Adherence to scheduling was measured by the question “Most anti-HIV medications need to be taken on a schedule, such as ‘2 times a day’ or ‘3 times a da’ or ‘every 8 hrs.’ The participants were asked to report how closely they followed their specific schedule over the last 4 days using a 5-point Likert scale, ranging from “never” to “all the time.” Schedule non-adherence was defined as having missed scheduling in the past 4 days. Adherence to dietary instructions was measured by first asking “Do any of your anti-HIV medications have special food instructions, such as ‘take with food’ or ‘on an empty stomach’ or ‘with plenty of fluids’?” If the response was “yes,” participants were asked to rate how often they had followed dietary instructions over the last 4 days using a 5-point Likert scale, ranging from never” to “all the time.” Schedule non-adherence was defined as having missed scheduling in the past 4 days. Food non-adherence was defined as not having followed special instructions over the last 4 days.
Data analysis
Data were analyzed using Statistical Package for the Social Sciences (SPSS) for Windows software application programme version 17.0. Frequencies, means, standard deviations, median, interquartile range, were calculated to describe the sample. Bivariate analyses were conducted to examine the relationships between overall TCAM use, herbal remedy use and socio-demographic variables, health characteristics, ART adherence and further health-seeking behaviour variables. Multivariate logistic regression included in the model All variables statistically significant at the 5% level in bivariate analyses were included in the multivariate model. No significant interactions were found between socio-demographic variables health-seeking behaviour and health characteristics. In multivariate regressions, adjustment was made for site of care, to account for variations in practice patterns and demographic differences across sites.
Results
Of 735 patients (29.8% male and 70.2% female) who completed assessments prior to initiation of ARVs, 525 were able to complete the assessment at six months follow-up.
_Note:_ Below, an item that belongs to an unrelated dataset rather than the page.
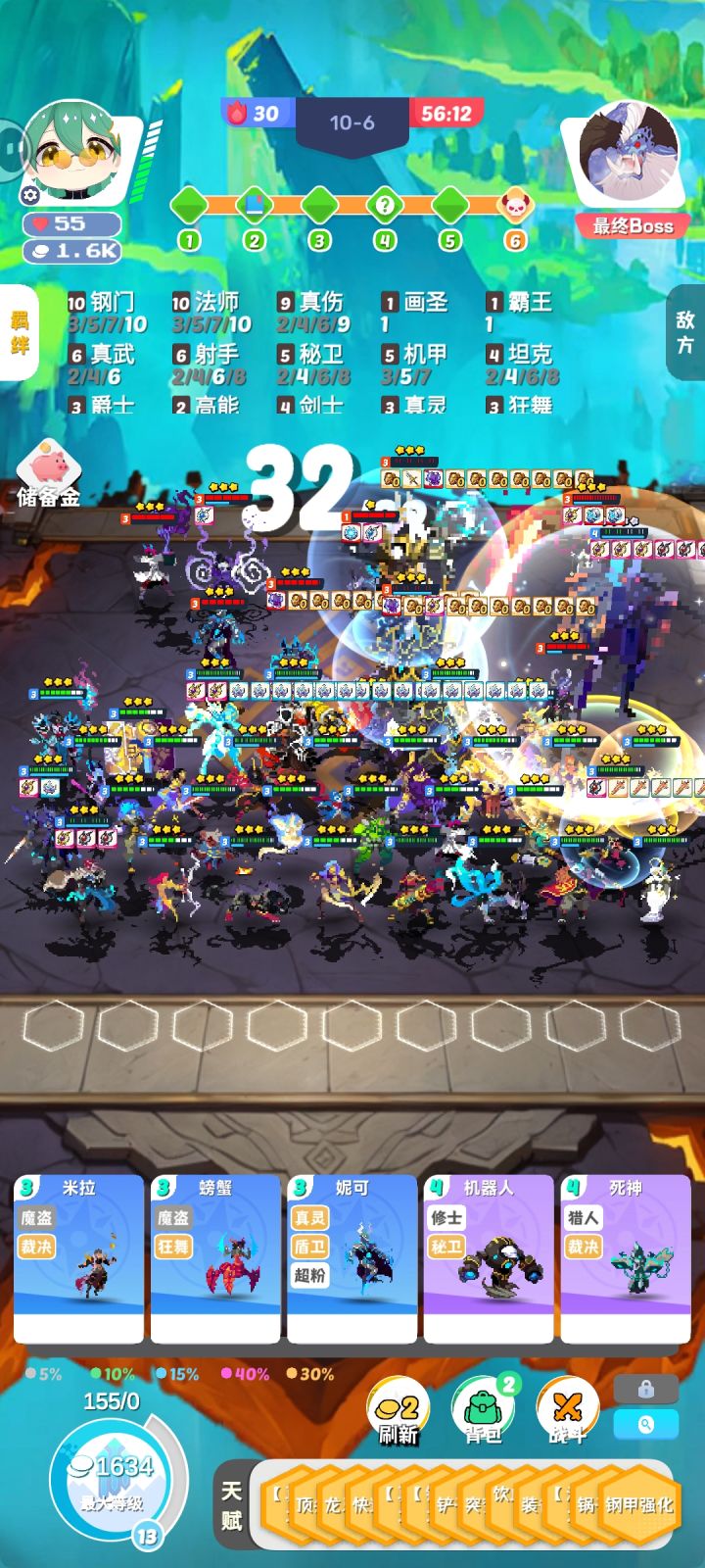 最终靠13个大妮蔻还是把4星小镰刀捏出来了第一次拿冠冕养双10羁绊(以前都是抓着一张牌养),这一仗打得太富裕了,全场追三星了钱还剩一千六,多得花不完#再钢一把 #无限装备爬塔

Of the original cohort, 75 had died, 57 had been transferred, 54 could not be traced, 23 refused the interview and 1 interview was incomplete. At six months following proposed ARV initiation, 519 patients started therapy and six failed to start treatment. Over the six month period 24 patients (4.6%) had temporarily suspended ARVs because of side effects, and three (0.6%) had changed their ARVs. HIV medications for 411 (79.8%) patients included Lamivudine (3TC), Starivudine (d4T) + efavirenz (Stocrin) and for 107 (20.8%) Lamivudine (3TC), Starivudine (d4T) + nevirapine.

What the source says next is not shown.